Cost of care takes centre stage; care savings limits to be lifted to £50,000 by April

(Title Image: BBC Wales)

This is part of a double-bill of debates on paying for social care.

On Tuesday, a separate debate in government time was held on a review carried out by Prof. Gerald Holtham (pdf) – I was unable to cover it due to some technical issues (which seem to have been fixed).

The Welsh Government have announced plans for an inter-ministerial group to further consider the proposals – including a social care levy. The Senedd backed the report by 38 votes to 3 with 10 abstentions – only UKIP seemed to have a problem with it but offered no alternatives.

This second debate, which took place yesterday, was on a report by the Finance Committee covering the same topic.

Fragmented and complicated

Chair of the Finance Committee, Llyr Gruffydd AM (Plaid, North Wales), would’ve preferred a more joined-up debate to include the government debate as the issue of paying for care was already fragmented and complicated enough.

Spending on social care has been protected in relevant terms, but spending per-person on the over-65s has decreased due to an increase in the number of over-65s. Unpaid carers – estimated to total 370,000 and carrying out work worth £8billion a year – also face pressures.

“The Committee heard concerns too around financial and staffing pressures in the care sector. We were concerned to hear that, in some cases, providers of domiciliary care are responding by handing back contracts to local authorities as they are not financially viable on the fee levels paid.”
– Committee Chair, Llyr Gruffydd

He spoke of recruitment and retention problems and called for social care staff to be held in the same esteem as those working in the NHS. This was later echoed by Nick Ramsay AM (Con, Monmouth):

“Care Forum Wales said that care workers can often earn more stacking shelves, unbelievably, than working in the sector, or that’s the perception, at least, and that cannot be right. I’m pleased the Minister has committed to raising the profile of social care workers so that it can be seen as a more positive career choice because that was certainly lacking from the evidence that we took from the sector.”
– Nick Ramsay AM

Nick didn’t seem either for or against a social care levy, but did wonder how such a thing would be sold to the public – is it a tax or a form of compulsory insurance?

Demand for care is increasing

Dr Dai Lloyd AM (Plaid, South Wales West) told the chamber he was regularly seeing the increasing demand for social care in his work as a GP, but the threshold at which councils will pay some of the costs was increasing year on year as they try to balance the books.

Simply telling older people they need to pay for more of their own care isn’t a viable option for many and in those cases, the entire burden will fall on the family.

“….we have a partly private system, partly public system, and partly charitable.
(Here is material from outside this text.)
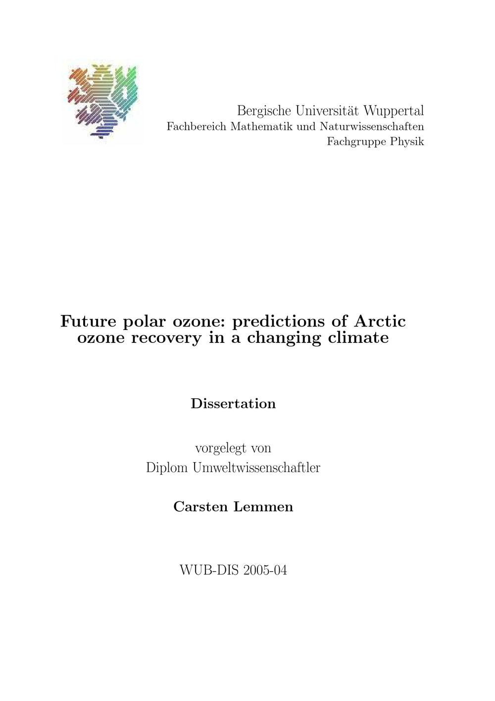 Future polar ozone : predictions of Arctic ozone recovery in a changing climate / vorgelegt von Carsten Lemmen

That’s what health was before Aneurin Bevan insisted on the establishment of a comprehensive national health service to save lives.”
– Dr Dai Lloyd AM

Mark Isherwood AM (Con, North Wales) called for greater use of co-production to allow service users and providers to work together to develop how social care is delivered. This is supposed to be done already as part of regulations made under the Social Services & Wellbeing Act 2014 but isn’t being implemented as intended.

Sustainability at its core

Finance Minister, Rebecca Evans (Lab, Gower) told AMs that a number of the Committee’s recommendations – such as a review of carers assessments and changes to how much people in care can keep in savings and assets – are already being undertaken.
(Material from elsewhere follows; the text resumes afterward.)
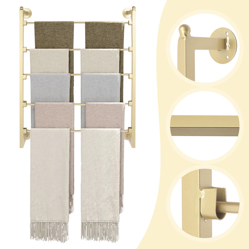 This scarf organizer is a game-changer for keeping accessories neat and stylish! The sturdy iron frame holds plenty of scarves without bending, and the chic gold finish adds a touch of elegance to any room. Love how it saves space while making my collection look like a boutique display—so easy to mount and use. Perfect for staying organized in style!
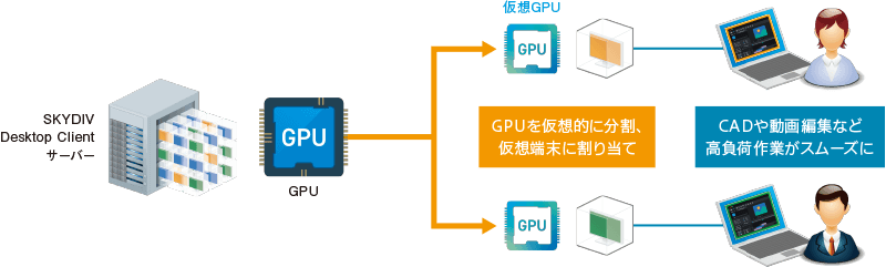 SKYDIV Desktop Clientサーバー上のGPUを仮想的に分割し、各仮想端末で利用。CADや3Dモデリング、動画編集などの高負荷なグラフィック処理を必要とする作業を、仮想端末上で快適に行うことができます。

“I’m pleased to confirm the completion of our….commitment to increase the capital that those in residential care can retain without having to pay for their care. This was to raise the figure from £24,000 to £50,000 within this Assembly term. This amount is currently at £40,000 and we intend to raise it to the full £50,000 from April (2019).”
– Finance Minister, Rebecca Evans

A public awareness campaign to emphasise the importance of social care and how it’s paid for will be launched soon too. In addition, a social care levy will be, as said, be investigated as part of the inter-ministerial group announced yesterday.